Res Jan C J, Bokern Marcel J J A, de Cock Carel C, van Loenhout Ton, Bronzwaer Patrick N A, Spierenburg Han A M
Department of Cardiology, Ba 579, Erasmus Medical Centre Rotterdam, PO Box 2040, 3000 CA Rotterdam, The Netherlands.
Europace. 2007 Oct;9(10):857-61. doi: 10.1093/europace/eum147. Epub 2007 Aug 7.

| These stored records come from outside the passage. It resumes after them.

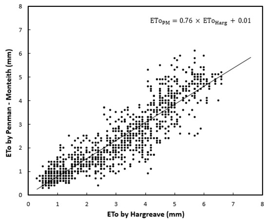 Relationship between evapotranspiration by the Hargreaves and Penman–Monteith method.
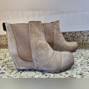 Sorel LEA HIDDEN WEDGE Chelsea Boots 8.5 Women Waterproof Leather ELK CURRY Tan
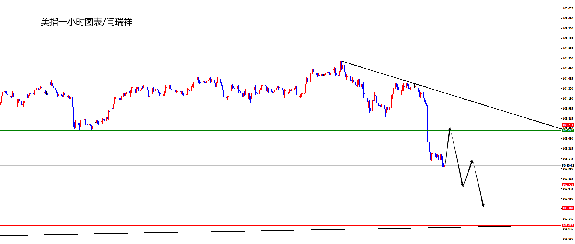 【美元指数】 美元指数方面,上周五美元指数价格总体呈现弱势下跌的状态。当日价格最高上涨至104.403位置,最低于103.094位置,收盘于104.204位置。回顾上周五美指价格表现,早间开盘后价格短线震荡为主,随后价格持续承压下跌,晚间受到非农数据影响,价格一路加速下行,并且最终收盘在低位,目前看周线级别大
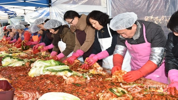 지난 2일 나진구 서울 중랑구청장(맨 오른쪽)이 구청 중앙광장에서 실시한 ‘2016 중랑구 장애인 무료급식소 김장담그기’ 행사에 참석해 자원봉사자 회원들과 함께 김장을 하고 있다.(사진제공=중랑구청)
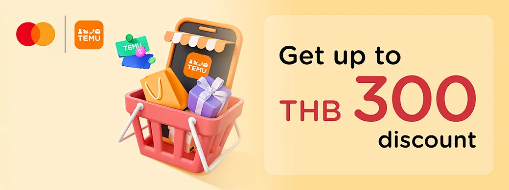 with minimum spending of THB 1,000 or more before make a payment with all types of KTC MASTERCARD credit card or KTC PROUD MASTERCARD cash card on the Temu app here
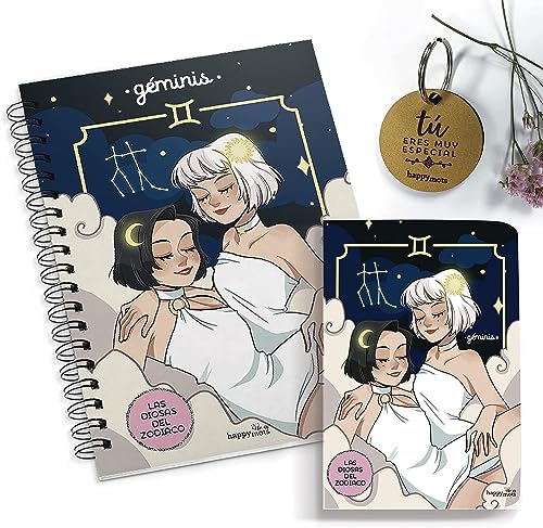 HappyMots - Pack Presentförpackning Horoskop | A5 anteckningsbok + A6 anteckningsbok + nyckelring Du är speciell | Zodiac Sign: GEMIN | Original gåva att överraska

The BRIGHT study evaluated bifocal right ventricular (RV) (apex and outflow tract) pacing in a single, blind, randomized crossover study in patients eligible for cardiac resynchronization therapy (CRT). Forty-two patients were enrolled with the following characteristics: chronic drug refractory heart failure New York Heart Association (NYHA) class III-IV; ejection fraction (EF)<35%; QRS width >or= 120 ms; and a left bundle branch block. The aim of the study was to assess an improvement in left ventricular (LV) EF, 6 min walk test, Minnesota quality-of-life score, and NYHA classification. Methods and result Patients were randomized to receive either bifocal pacing or the control mode, each for a period of 3 months. Parameters were measured prior to randomization and after 3 months of control or bifocal pacing. Eight patients failed to make the 7 month follow-up, three patients died (one prior to randomization at the first month), five patients dropped out, and three patients refused further participation. One patient had a persistent lead problem, which was subsequently replaced with an LV lead, and one patient suffered with persistent atrial fibrillation. Compared with baseline, bifocal pacing improved EF from 26 +/- 12% to 36 +/- 11% (P < 0.0008), NYHA classification decreased from 2.8 +/- 0.4 to 2.3 +/- 0.7 (P < 0.007). Furthermore, the 6 min walk test improved from 372 +/- 129 m to 453 +/- 122 m (P < 0.05), and the Minnesota Living with Heart Failure scores decreased from 33 +/- 20 to 24 +/- 21 (P < 0.006). In the control group, no significant changes in any parameters were observed. Eight patients did not tolerate reprogramming from DDD BRIGHT to control pacing, with symptoms disappearing in all patients after reprogramming to bifocal pacing.
Bifocal RV pacing in patients with a classic indication for CRT shows improvement in all parameters.
BRIGHT研究在一项针对符合心脏再同步治疗(CRT)条件的患者的单盲、随机交叉研究中,评估了双焦点右心室(RV)(心尖和流出道)起搏情况。42例患者入组,其具有以下特征:慢性药物难治性心力衰竭,纽约心脏协会(NYHA)III-IV级;射血分数(EF)<35%;QRS波宽度≥120 ms;以及左束支传导阻滞。该研究的目的是评估左心室(LV)EF、6分钟步行试验、明尼苏达生活质量评分和NYHA分级的改善情况。方法与结果:患者被随机分为接受双焦点起搏或对照模式,每种模式持续3个月。在随机分组前以及对照或双焦点起搏3个月后测量参数。8例患者未能完成7个月的随访,3例患者死亡(1例在第1个月随机分组前死亡),5例患者退出,3例患者拒绝进一步参与。1例患者存在持续的导线问题,随后更换为左心室导线,1例患者患有持续性心房颤动。与基线相比,双焦点起搏使EF从26±12%提高到36±11%(P<0.0008),NYHA分级从2.8±0.4降至2.3±0.7(P<0.007)。此外,6分钟步行试验从372±129米提高到453±122米(P<0.05),明尼苏达心力衰竭生活评分从33±20降至24±21(P<0.006)。在对照组中,未观察到任何参数有显著变化。8例患者不能耐受从DDD BRIGHT重新程控为对照起搏,在重新程控为双焦点起搏后所有患者症状消失。
对于有CRT经典适应证的患者,双焦点右心室起搏可使所有参数得到改善。